Malgré les contraintes actuelles, l’équipe des Francophonies – Des écritures à la scène a réussi à maintenir ses Zébrures du printemps du 20 au 28 mars 2021. Devant un public de professionnels, la première édition de ce festival dédié aux écritures francophones a donné à entendre en pleine période d’occupation des théâtres des pièces inédites et d’autres qui ont encore peu vécu. Parmi lesquelles, Sur les pas de Kateb Yacine de Mohamed Kacimi et L’amour telle une cathédrale ensevelie de Guy Régis Junior.
À Limoges comme ailleurs, le 20 mars fut jour de manifestation pour le monde de la culture. Depuis l’Espace Noriac, salle d’exposition et de spectacles, la musique du cortège nous parvient. On aperçoit même quelques pancartes et banderoles, réclamant l’annulation de la réforme de l’assurance chômage et la réouverture des lieux culturels. Le combat se joue différemment pour l’équipe des Francophonies en Limousin – Des écritures à la scène : par la tenue de la première édition des Zébrures du printemps.
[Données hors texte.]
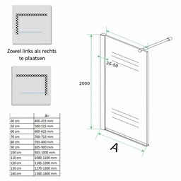 De douchecabine is voorzien 8mm dik veiligheidsglas. Omdat de douchewand geen vloerbevestiging onder het vaste deel heeft, kunt u direct na het plaatsen dit deel transparant afkitten op de vloer. Ook is het mogelijk om de douchewand op een douchebak te plaatsen.
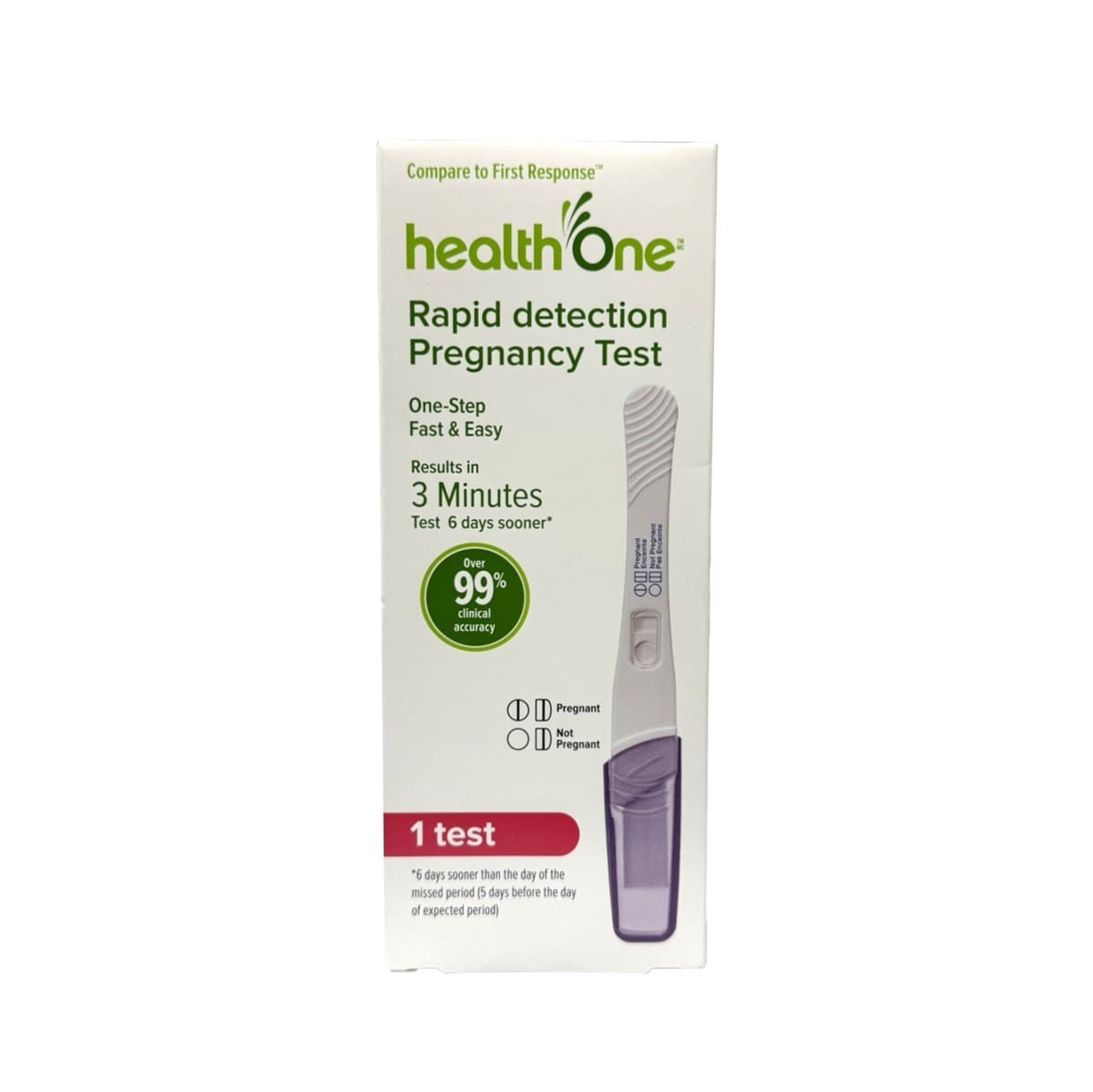 Description: health One Rapid Detection Pregnancy Test is a one-step, fast, and easy to use pregnancy test that has over 99% clinical accuracy. Simply hold the absorbent tip in your urine stream for at least 5 seconds. This test is designed for use in the comfort of your own home.

Un festival dédié aux écritures francophones, qui prend la suite des Nouvelles Zébrures organisées par les Francophonies jusqu’en 2019, année d’arrivée d’un nouveau directeur : le metteur en scène, conteur et comédien burkinabé Hassane Kassi Kouyaté, qui tient avec ce rendez-vous à « mettre en valeur les processus d’écriture d’auteurs francophones aux origines et aux esthétiques très diverses ». Pour en accompagner ensuite certains jusqu’à la mise en scène, et programmer les spectacles issus de cette recherche dans le cadre des Zébrures d’automne. En Limousin, les Francophonies ont de la suite dans les idées.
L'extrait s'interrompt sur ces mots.